We have a slight problem in London this Autumn - most of the major exhibitions are, shall we say, of less interest to those who appreciate real art. The Turner Prize consists of the usual talentless drivel. Rothko, Bacon, Cy Twombly and others collectively churned out works which sit somewhere between your average five year old and Polish decorator in terms of how I am able to appreciate their efforts.
Ironically in the new Saatchi Gallery on King's Road they have a room where they've invited 7-year-olds to paint inspired by Kandinsky. And I have to say the results didn't seem so very far away from the offerings at Miro at the RA!
Luckily it's not all bad..
Firstly, this gives one a chance to seek out the smaller (and often free) galleries - Charles Avery at the Parasol and today:
Bruegel to Rubens - Masters of Flemish Painting at the Queen's Gallery.
The where? There's a gallery at the edge of Buckingham Palace. They house a selection of the Royal Collection, and also have rotating temporary exhibitions.
The marvellous Flemish one runs till next year, but a Baroque one comes online on November 14th (update, oops, I've just noticed Baroque is in Scotland). It's a lovely space, filled with some very interesting paintings, Faberge Eggs, clocks, etc, and most importantly, unlike the blockbusters at the major galleries it's not jam packed. Go see the Flemish Exhibition!
Miro, or to give the exhibition its full title:
"Miró, Calder, Giacometti, Braque: Aimé Maeght and his artists" is up in the Sackler Wing of the Royal Academy until the end of the year. Yes, you have to climb the stinky staircase to get to it!
One up there, one can appreciate "the freshness, optimism and inventiveness of the art that took post-war Paris by storm.". I have to confess that I was not bowled over, but it's worth a quick visit on a combined ticket with Byzantium. If I'd paid to see this only, I would have been a bit annoyed. The best part of it - an entire wall covered by the front covers of the art journal Derrière le Miroir. That and a couple of African-inspired Braque still lifes. Oh and I should mention a sketch entitled something like "the walker" which just had about half a dozen small scribbles, collectively implying a man walking on a large blank sheet of paper. Quite inventive!
The blockbuster at the RA this autumn. Expect to do battle with old people!
The exhibition, a collaboration between the Royal Academy of Arts and the Benaki Museum in Athens, provides an overview of the culture and history of the Byzantine Empire. It's big, with over 300 objects spread over about a dozen large rooms. splendours of , 'Byzantium 330–1453' incorporates over 300 objects. Some of the works have never been displayed in public before, and the suggestion in the Telegraph review was that the objects with St Mark's in Venice had lent out, including the following incense burner, would never be lent out again.
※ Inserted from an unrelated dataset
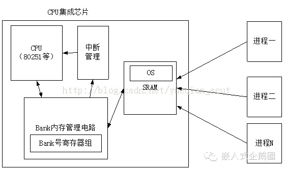 CODE BANKING机制是由Keil C针对16位8051系列单片机退出的内存管理解决方案,其目的是扩展访问内存地址空间。16位单片机的可访问空间是64K字节,假如程序和数据大于64K(系统和应用稍为复杂点就很有可能啦)怎么办?Keil C推出的解决思路是利用P1口作为地址线的扩展去访问,最大支持2M空间,即32个64K,需要5个P1口线。其译码(即P1口线的高低电平选择)是由keil C的特别编译器在编译时自动产生的。当然,也需要在代码和链接脚本中主动说明某个函数是bank代码,否则所有函数在调用之前都插入一段译码代码,那程序都不用跑了。而且其也有公共代码区,例如中断处理,操作系统常驻段等等,在每个64k中都同样有一份。
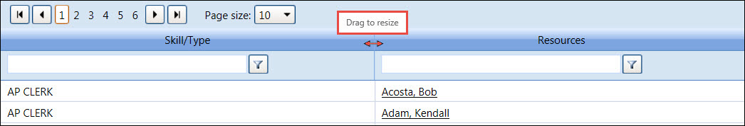 The number of records and pages are located at the top right corner of the grid. Select the number from the Page Size drop-down list to display the selected number of records per page.

Interestingly several of the icons from the Monastery of St. Catherine on Mt. Sinai had been held up and were replaced with colour copies. No reason was provided and the staff had not been told.
Also on display is the Chalice of Antioch, which has been a candidate for the Holy Grail.
Worth seeing. Allow time!
Hadrian: Empire and Conflict
Finally I should mention Hadrian, the current biggie at the British Museum. This is a timed entry exhibition in a modified reading room. In all honesty, I found it somewhat disappointing. As a British viewer, I was particularly interested in the wall of course. Not much information about that.
What was displayed was somewhat disjointed, much information about aspects which interested me less (his gay lover, for example), and overall a crowded and confused layout. One interesting takeaway though was that the Reading Room ceiling was modelled on the Pantheon in Rome. Didn't know that! Shame they'd butchered the Reading Room to put the exhibition on! The space is much smaller than the one they usually use for big exhibitions, hence part of the issue.
Still to see:
Edge of Arabia at SOAS till 13th Dec
Turner Watercolours at the Courtauld starting this Friday.
Renaissance Faces - Van Eyke to Titian at the National Gallery
Picasso and the Masters in Paris (this one pending a cheap Eurostar ticket!).